> _ACTION ITEM_
Keep the images out and copy every entry below exactly.

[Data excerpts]
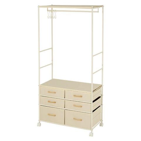 ●シンプルなデザインに引出し収納も兼ね備えたハンガーラック。キャスター付きで掃除や移動にも便利
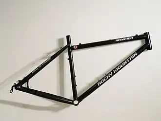 Rowery MTB wyposażane są w małe ramy (rama MTB jest mniejsza o 1-2 cale niż rama trekkingowa przeznaczona dla rowerzysty o tej samej długości nogi)[1]. W celu zwiększenia prześwitu ramy wyposażone są w wyżej położoną oś suportu. Zwiększenie zwrotności jest osiągane z jednej strony przez zmniejszenie długości ramy, z drugiej dzięki większemu kątowi osi rury podsiodłowej i główki ramy[2]. W geometrii ramy widoczne jest dążenie do zmniejszania wysokości główki ramy ułatwiające stosowanie widelców amortyzowanych o dużym skoku. Ramy rowerów MTB mogą być ramami nieamortyzowanymi (hardtail), lub amortyzowanymi (Full Suspension). Z uwagi na konieczność zmieszczenia opon o większej szerokości ramy rowerów górskich mają szersze tylne trójkąty. Ewolucyjnie zwiększa się też rozstaw haków, w których osadzona jest piasta tylnego koła od pierwotnych 130 mm (identycznie jak w rowerach szosowych) do 165 mm stosowanego w rowerach zjazdowych, a same haki zamiast tradycyjnej osi 10 mm są przystosowane do współpracy z osiami drążonymi o średnicy 12 mm. Pierwotnie ramy rowerów górskich były przystosowane do montażu hamulców obręczowych (pierwotnie typu Cantilever zastąpionych przez V-brake), obecnie standardem są mocowania hamulców tarczowych[3]. Ramy rowerów górskich wykonywane są najczęściej z aluminium, rzadziej stali lub tytanu, oraz karbonu (włókna węglowego).
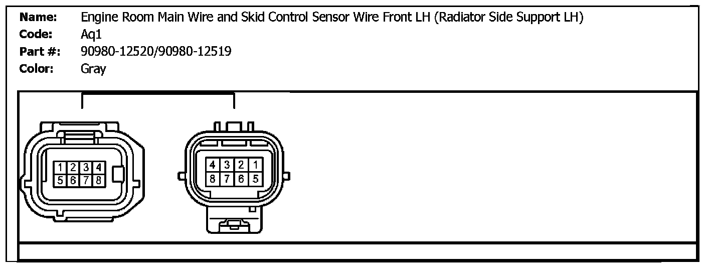 Aq1 (Engine Room Main Wire and Skid Control Sensor Wire Front LH (Radiator Side Support LH)):
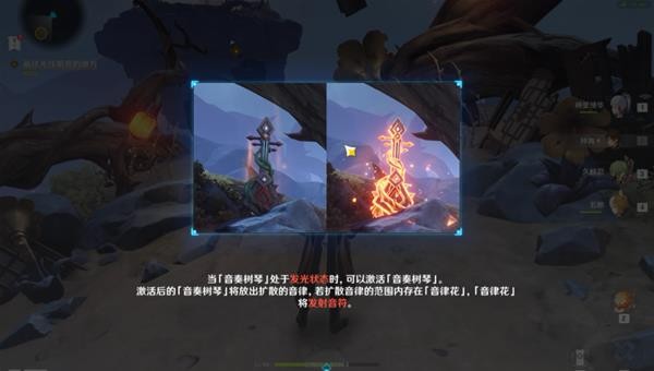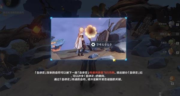 在这个浮岛之上,我们首先将此处的喇叭花调整到如图所示的位置,再去激活音奏树,通过音符的传递解锁风场。
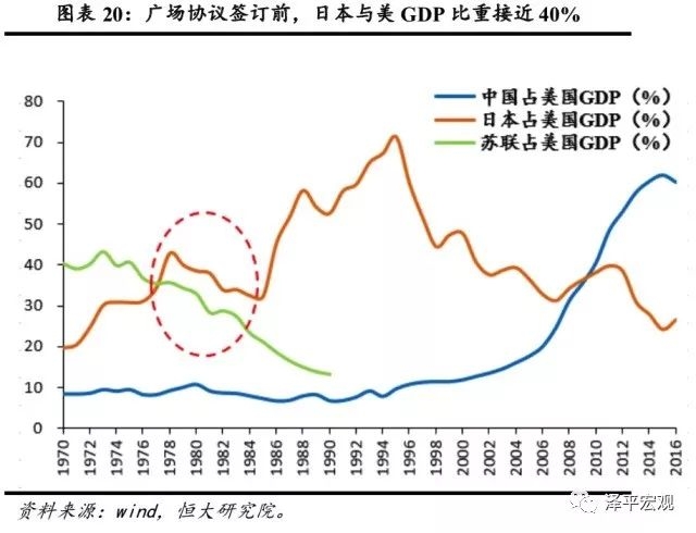 广场协议签订前,日本GDP占美比重接近40%;中国当前GDP占美比约60%。按照6%左右的GDP增速再增长十年左右,即大约在2027年前后,中国有望取代美国、成为世界第一大经济体。

> _TASK RESULT_
 ●シンプルなデザインに引出し収納も兼ね備えたハンガーラック。キャスター付きで掃除や移動にも便利
 Rowery MTB wyposażane są w małe ramy (rama MTB jest mniejsza o 1-2 cale niż rama trekkingowa przeznaczona dla rowerzysty o tej samej długości nogi)[1]. W celu zwiększenia prześwitu ramy wyposażone są w wyżej położoną oś suportu. Zwiększenie zwrotności jest osiągane z jednej strony przez zmniejszenie długości ramy, z drugiej dzięki większemu kątowi osi rury podsiodłowej i główki ramy[2]. W geometrii ramy widoczne jest dążenie do zmniejszania wysokości główki ramy ułatwiające stosowanie widelców amortyzowanych o dużym skoku. Ramy rowerów MTB mogą być ramami nieamortyzowanymi (hardtail), lub amortyzowanymi (Full Suspension). Z uwagi na konieczność zmieszczenia opon o większej szerokości ramy rowerów górskich mają szersze tylne trójkąty. Ewolucyjnie zwiększa się też rozstaw haków, w których osadzona jest piasta tylnego koła od pierwotnych 130 mm (identycznie jak w rowerach szosowych) do 165 mm stosowanego w rowerach zjazdowych, a same haki zamiast tradycyjnej osi 10 mm są przystosowane do współpracy z osiami drążonymi o średnicy 12 mm. Pierwotnie ramy rowerów górskich były przystosowane do montażu hamulców obręczowych (pierwotnie typu Cantilever zastąpionych przez V-brake), obecnie standardem są mocowania hamulców tarczowych[3]. Ramy rowerów górskich wykonywane są najczęściej z aluminium, rzadziej stali lub tytanu, oraz karbonu (włókna węglowego).
 Aq1 (Engine Room Main Wire and Skid Control Sensor Wire Front LH (Radiator Side Support LH)):
 在这个浮岛之上,我们首先将此处的喇叭花调整到如图所示的位置,再去激活音奏树,通过音符的传递解锁风场。
 广场协议签订前,日本GDP占美比重接近40%;中国当前GDP占美比约60%。按照6%左右的GDP增速再增长十年左右,即大约在2027年前后,中国有望取代美国、成为世界第一大经济体。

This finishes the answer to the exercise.